*** Input records
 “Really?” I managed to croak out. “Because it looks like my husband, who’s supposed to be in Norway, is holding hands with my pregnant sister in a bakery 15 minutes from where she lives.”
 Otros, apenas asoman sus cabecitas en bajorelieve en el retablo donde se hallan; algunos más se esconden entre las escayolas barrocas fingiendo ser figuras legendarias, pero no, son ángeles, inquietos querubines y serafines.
******
*** Input records
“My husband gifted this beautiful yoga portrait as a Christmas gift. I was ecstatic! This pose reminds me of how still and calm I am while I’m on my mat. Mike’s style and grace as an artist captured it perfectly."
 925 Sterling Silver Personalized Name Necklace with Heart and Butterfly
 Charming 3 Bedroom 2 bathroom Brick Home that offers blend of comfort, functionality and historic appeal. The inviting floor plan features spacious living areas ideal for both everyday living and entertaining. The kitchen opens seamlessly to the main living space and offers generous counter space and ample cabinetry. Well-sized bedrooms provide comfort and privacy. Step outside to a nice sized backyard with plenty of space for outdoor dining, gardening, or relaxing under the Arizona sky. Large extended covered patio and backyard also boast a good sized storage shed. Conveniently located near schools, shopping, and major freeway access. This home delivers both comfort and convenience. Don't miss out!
******
_What the exercise asks_
Within the material above, extract exactly the lines that start at the line containing "I managed to" and stop after the line containing "Otros, apenas asoman", and only those.

_Task output_
 “Really?” I managed to croak out. “Because it looks like my husband, who’s supposed to be in Norway, is holding hands with my pregnant sister in a bakery 15 minutes from where she lives.”
 Otros, apenas asoman sus cabecitas en bajorelieve en el retablo donde se hallan; algunos más se esconden entre las escayolas barrocas fingiendo ser figuras legendarias, pero no, son ángeles, inquietos querubines y serafines.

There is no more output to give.